Agentic systems intervene to reshape the APS output into something operationally feasible, considering constraints like labor availability, carrier capability, and facility throughput.
LevelLoad recalibrates shipments based on actual lane constraints and service targets. It doesn’t simply pass the APS plan downstream; it optimizes the digital twin of the network, considering how each lane can impact others.
For example, if a receiving DC is constrained, it might reduce the number of shipments on a lane so higher-priority loads from another site can move forward. It’s a holistic solution that aims to do the best for the entire supply chain and customers.
The LevelLoad agent acts as a bridge between intent and action.
Agent Communication and Orchestration
LLM-powered agents communicate using structured natural language.

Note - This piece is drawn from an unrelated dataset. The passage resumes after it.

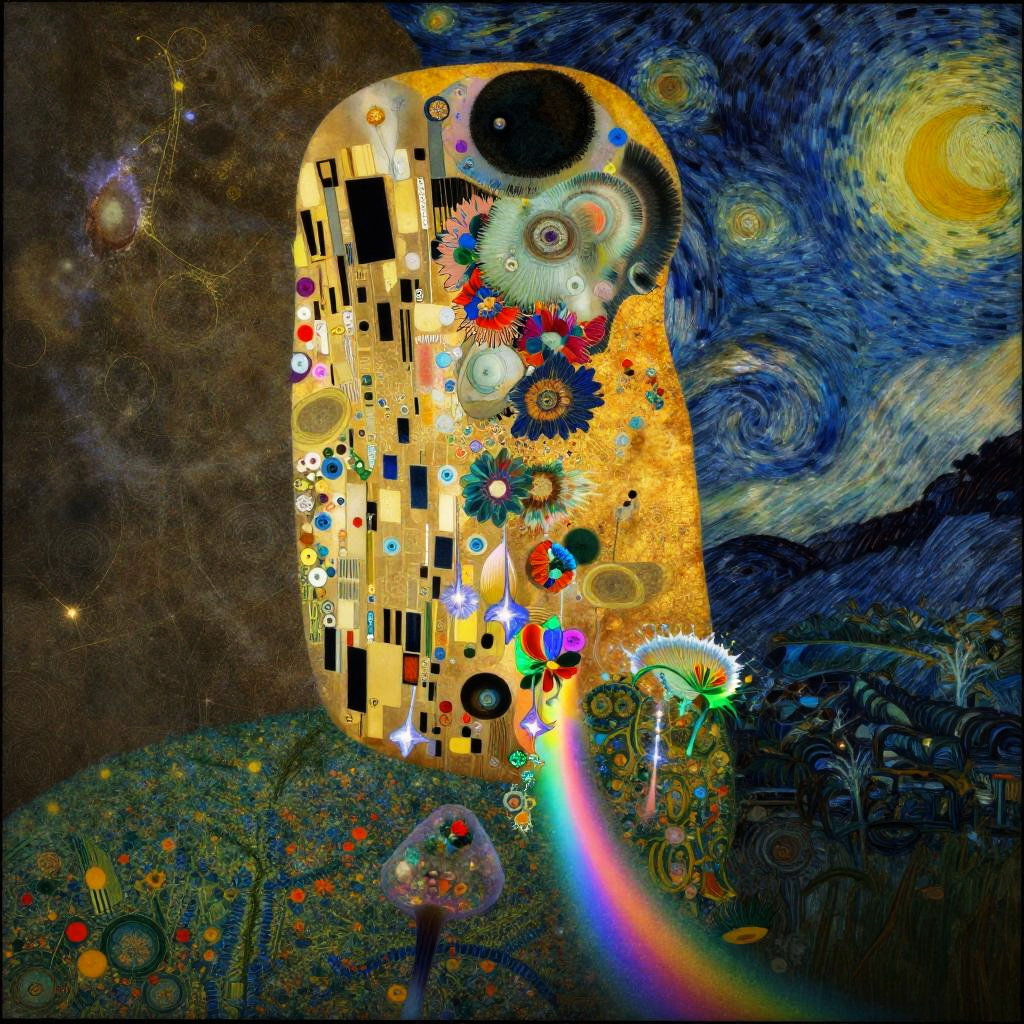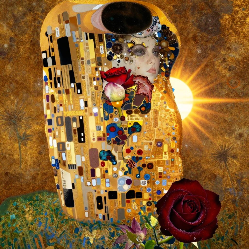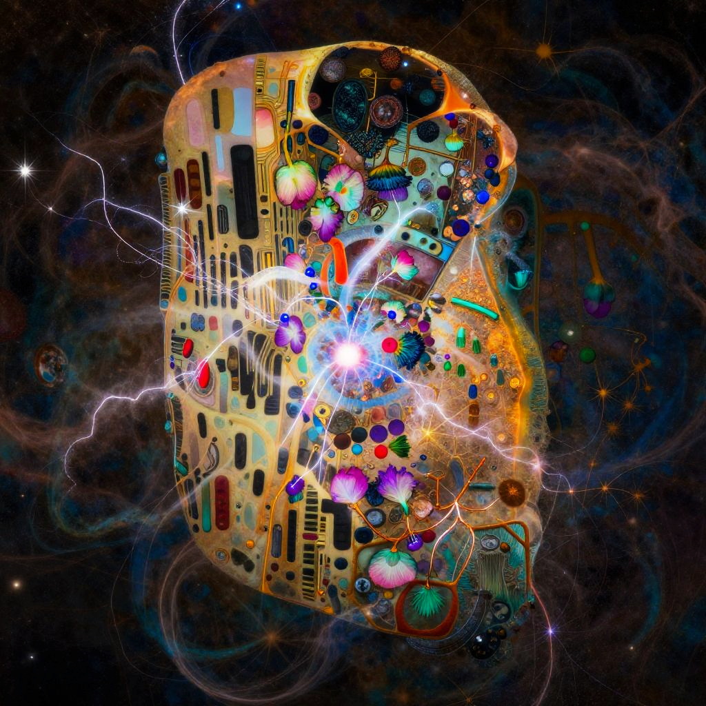 A vibrant, intricate abstract portrait combining elements of surrealism and digital art. The central figure is adorned with colorful, detailed patterns inspired by flowers and circuitry, reminiscent of Gustav Klimt's decorative style. A large sunflower is positioned to the left, while a richly textured background blends cosmic nebula-like effects with fine circuitry detail, creating a brilliant and complex visual composition.

Instead of fragile APIs or fixed EDI transactions, agents can negotiate and coordinate through an orchestration layer. This allows for distributed decision-making and increased resilience.
LevelLoad communicated directly with the planning system, ERP, and TMS. Its decisions are visible to operations but orchestrated automatically based on updated constraints.
Once shipment windows are balanced, another agent triggers an optimizing load builder, which determines the exact item mixes based on the latest inventory and order status.
Benefits Realized
Agentic supply chains deliver improved agility, service, efficiency, and resilience. They reduce decision latency, optimize resource use, and enable autonomous recovery from disruption.
The company sees significant results:
• Cost savings in the millions through reduced spot freight and improved carrier utilization
• Improved service levels, as shipment timing is better aligned with DC receiving and labor
• Less volatility and increased automation for warehouse and transport teams, helping to reduce overtime and burnout
This isn’t somewhere off in the future. It is a delivered outcome.
Roadmap: From Theory to Implementation
Building an agentic supply chain requires phased implementation:
1. Data integration
2. AI pilot projects
3. Modular agent rollout
4. Inter-agent coordination
5. Systemwide orchestration
6. Continuous learning and improvement
The company implemented LevelLoad in under 9 months. The pilot covered a small number of lanes and orders. Once early success was validated, deployment expanded across all domestic replenishment shipments. The agent’s recommendations weren’t just accepted but became the new baseline for automatic execution.
Lessons Learned
Agentic systems face hurdles: data quality, system complexity, governance, trust, and change management. These must be addressed with robust architecture, clear objectives, and transparency.
Success hinged on the following things:
1. LevelLoad is additive: it enhances existing systems, no rip and replace, so it was easier to accept.
2. Cross-functional integration: LevelLoad drew data from multiple systems and served users across planning, transport, and warehouse operations.
3. Domain specificity: The agent wasn’t a generalpurpose AI, it was trained on real data and built to optimize across constraints.
4. Trust through transparency: Planners understood the “why” behind each recommendation, leading to higher adoption.
5. Tight human-AI loop: While the agent acted autonomously, humans remained in the loop to work on edge cases.
Conclusion
LevelLoad is a Model for the Agentic Supply Chain
The agentic supply chain is more than just a framework. It becomes a real, functioning system when supported by intelligent systems, such as agentic optimization Digital Twins like LevelLoad. In this example, the CPG manufacturer layered on intelligence into existing systems, effectively aligning planning with operational realities.
The results are clear: smoother operations, improved service, and measurable financial benefits. More importantly, the groundwork is now in place for wider coordination across the entire supply network. LevelLoad is just one point in a larger system of intelligent agents.
The future is not static planning, but dynamic orchestration. The shift from batch thinking to coordinated decision-making is underway. And
thanks to systems like LevelLoad, it’s not theoretical. It’s real. And it’s happening now.